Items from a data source

- - - - -

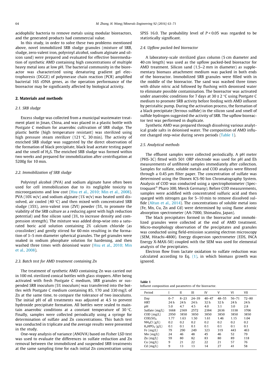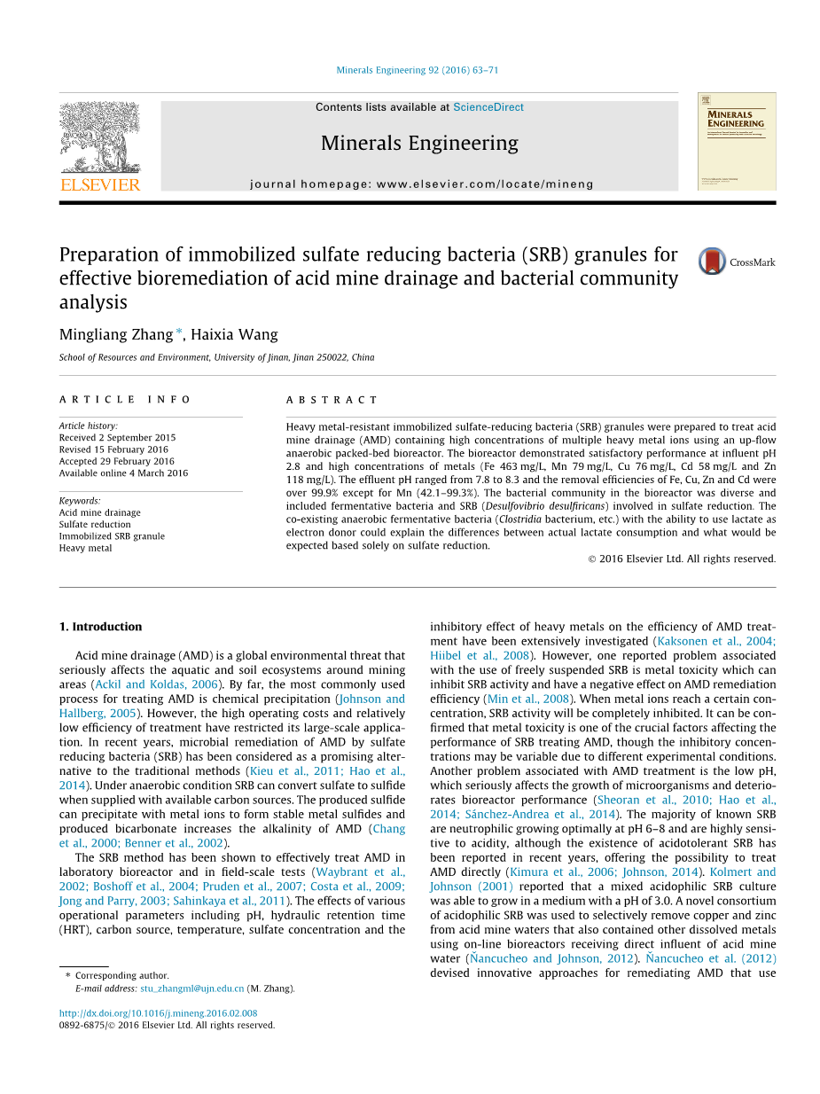 固定化硫酸盐还原菌(SRB)颗粒的制备,用于酸性矿山废水的有效生物修复和细菌群落分析外文翻译资料
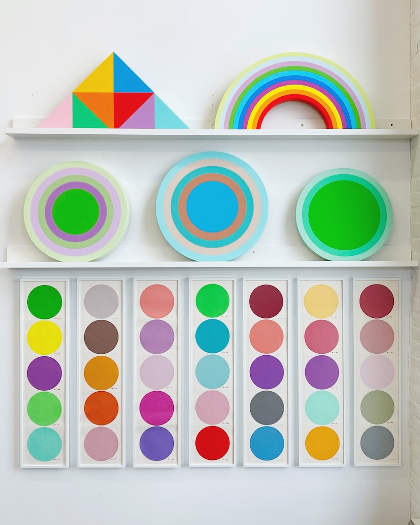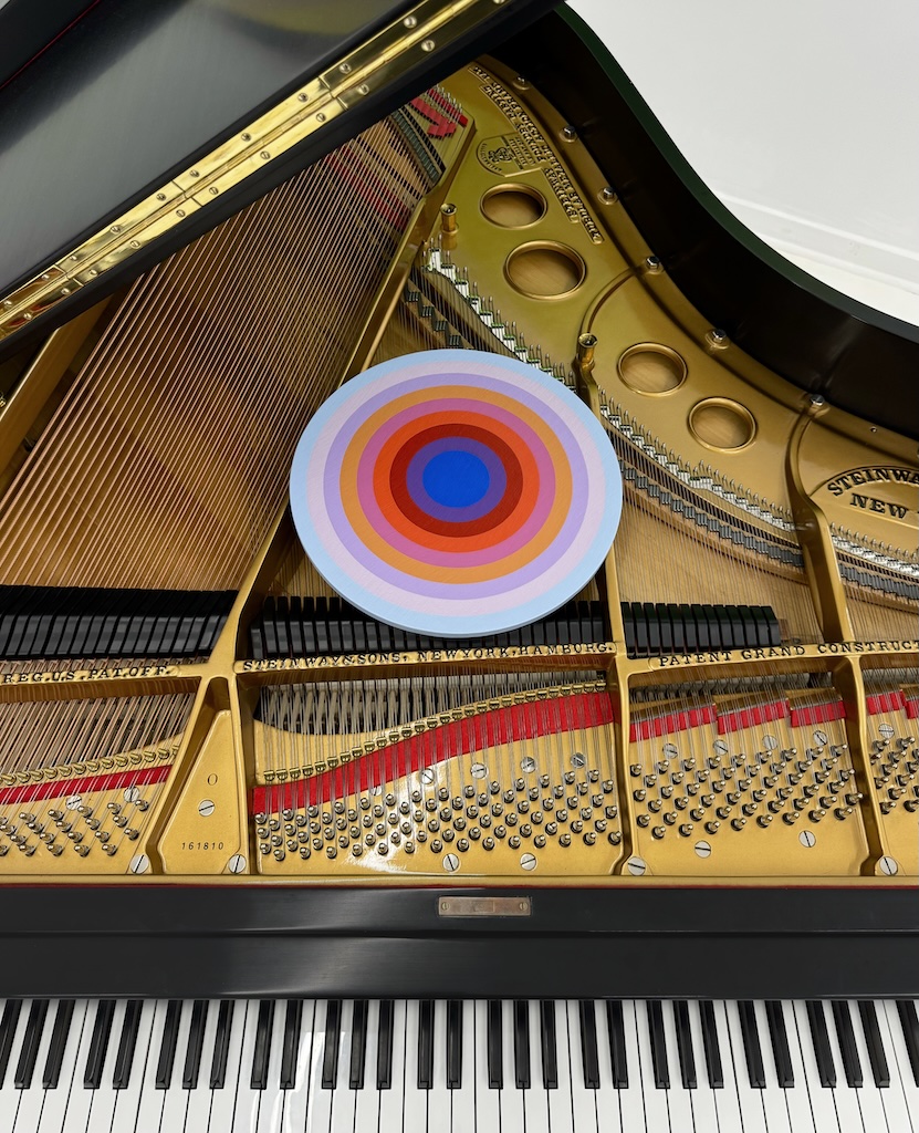 The new paintings, like all the works in the series, are tondos rendered in perfectly even and uniform layers of acrylic. Few or even dozens of concentric circles, varying sometimes subtly and sometimes dramatically in chromatic gradation, radiate outward from or converge inward toward a perfectly even and uniform monochrome center. They seem to shimmer and undulate, these circles, like ripples from a single stone dropped into still water. Deepening in their own cumulative resonance even as they fade, one into the next, these are echoes of sounds, thoughts, visions, dreams, memories.
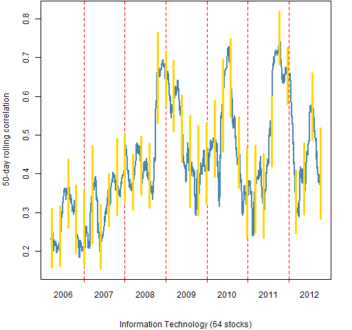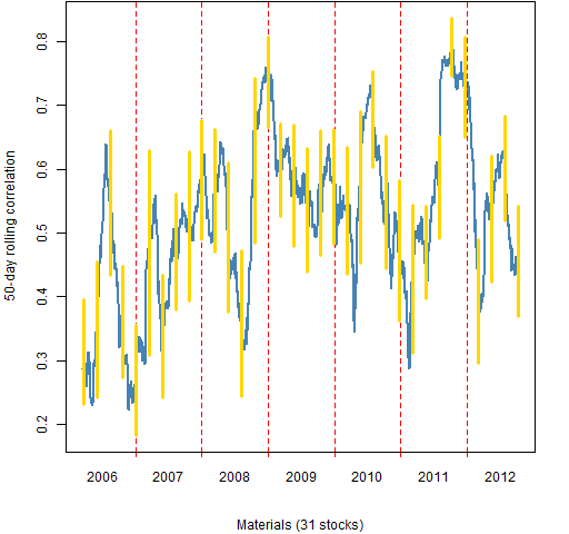 The remainder of the figures show the 50-day rolling mean correlations of the stocks within sectors.
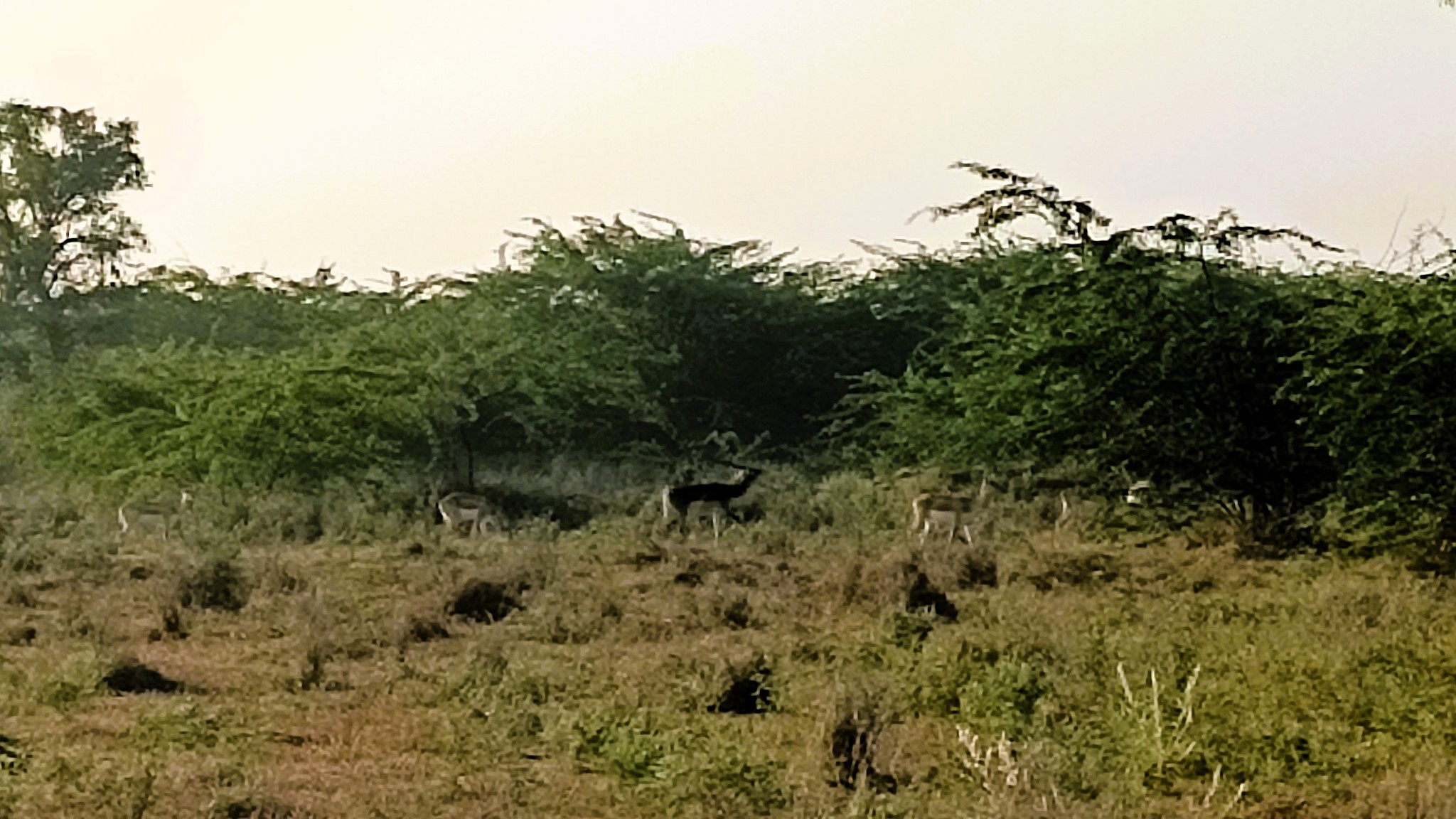 However, as I learned, sighting blackbucks is not the challenge –  it is just that the male blackbuck, which the layman has an image of in the form of a black upper body and white underbody, with long antlers, is rarer than the female blackbucks which have a brown upper body. Male blackbucks engage in lekking, whereby a single male takes control of a territory comprising multiple females and juveniles, driving away other males through aggressive means. It was interesting, however, to see two to three groups of blackbucks, led by their respective leading male blackbuck, mingling, while two male blackbucks at separate locations trudged through the forest, alone, in the distance.
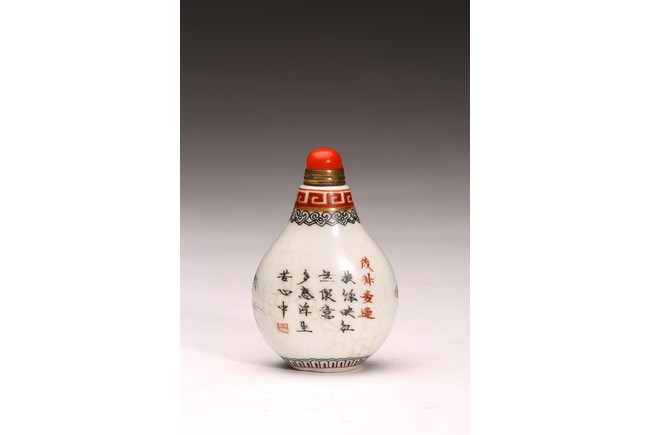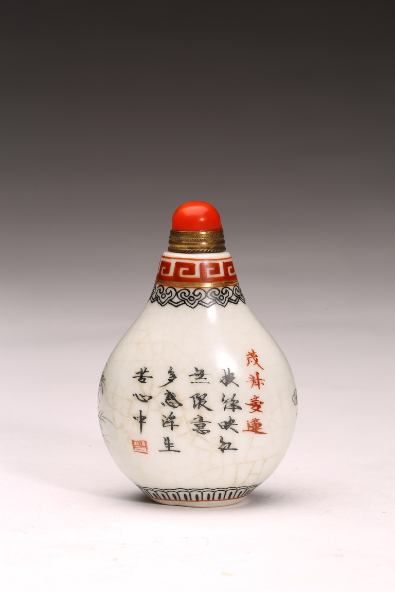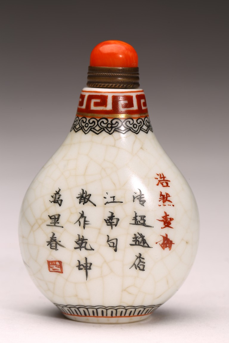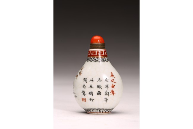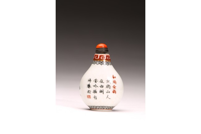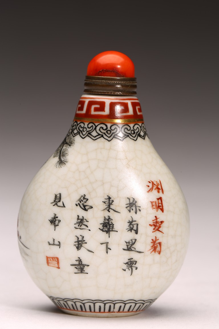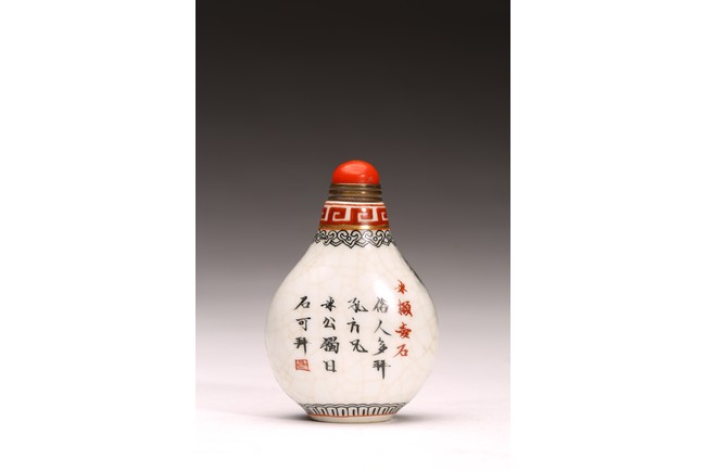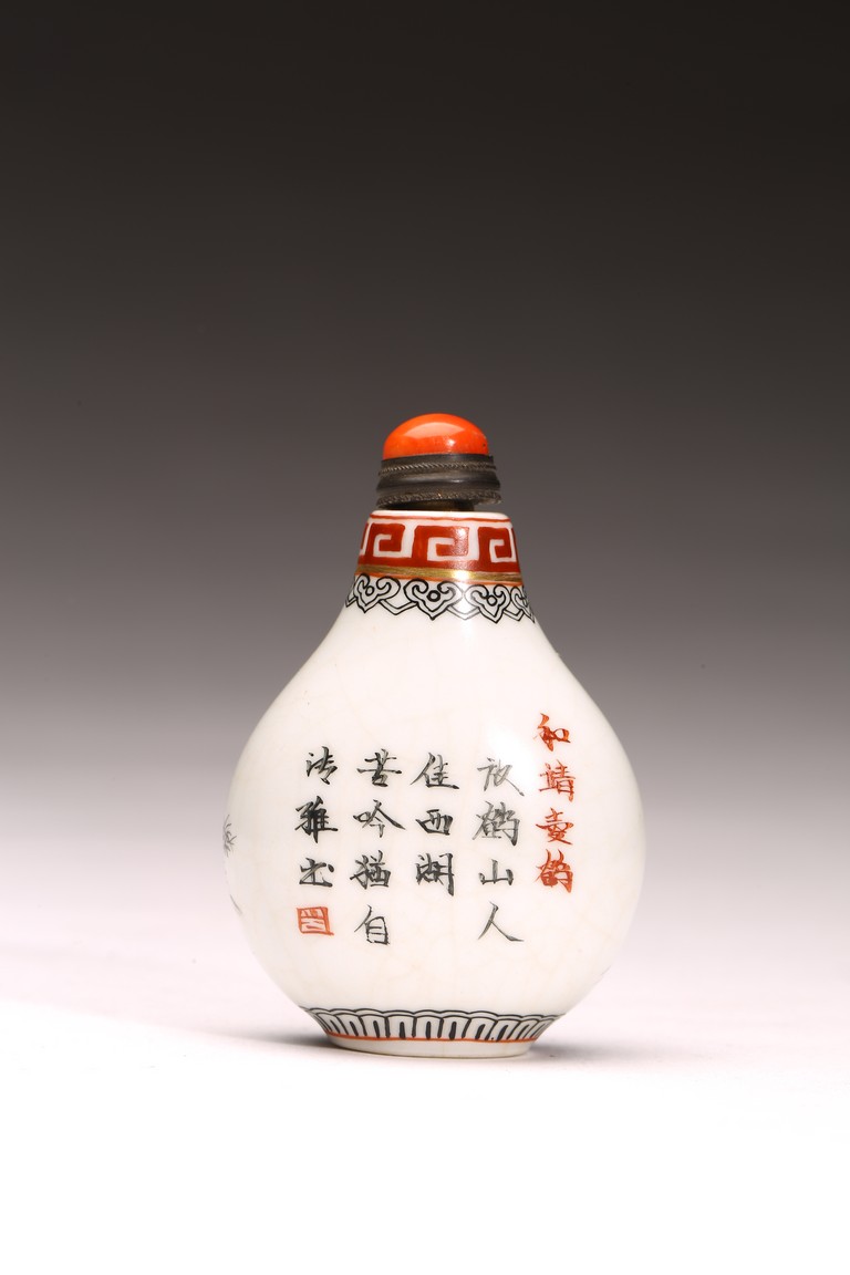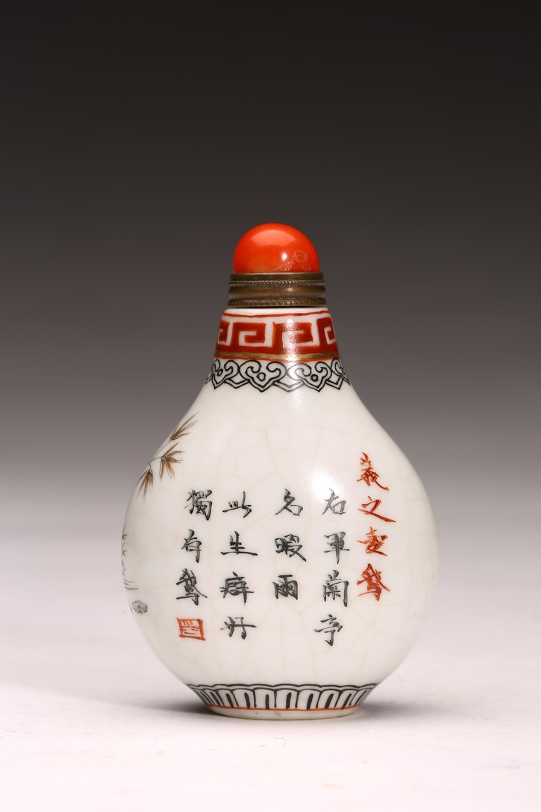 Comprising of 10 painted snuff bottles. Each depicting elderly figure accompanied by young attendant. Base with four character Qianlong mark. Stands in photos not included.
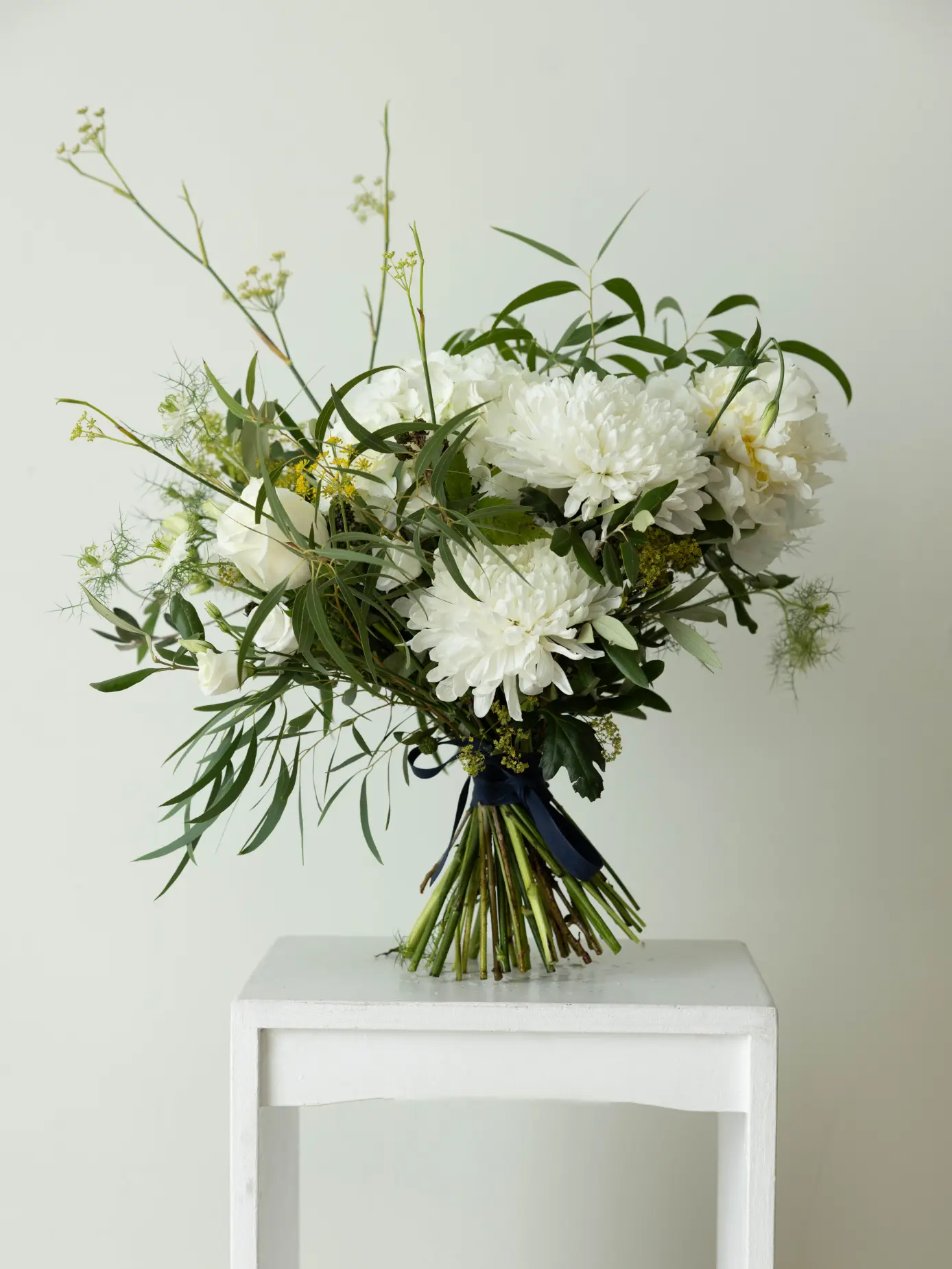 Ramo en tonos blancos y verdes con flores de temporada, trasmitiendo mucha frescura (Foto M)
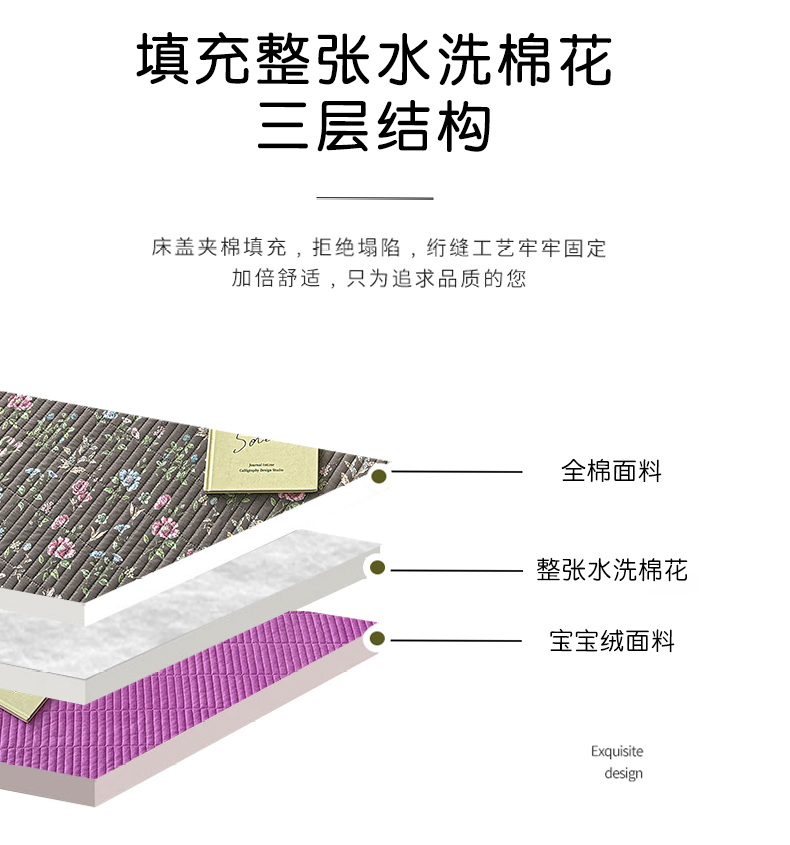商品名称:橙子家居 2025新款棉加绒床盖床盖单件床盖单品床盖三件套夹层水洗棉花跑量款现货 花间色

- - - - -

_WHAT THE TASK REQUIRES:_ Once the line containing "Ramo en tonos" is found, transcribe it and every line after it to the end of the records, exactly and with no pictures.

_RESULT FOR THIS EXERCISE:_
 Ramo en tonos blancos y verdes con flores de temporada, trasmitiendo mucha frescura (Foto M)
商品名称:橙子家居 2025新款棉加绒床盖床盖单件床盖单品床盖三件套夹层水洗棉花跑量款现货 花间色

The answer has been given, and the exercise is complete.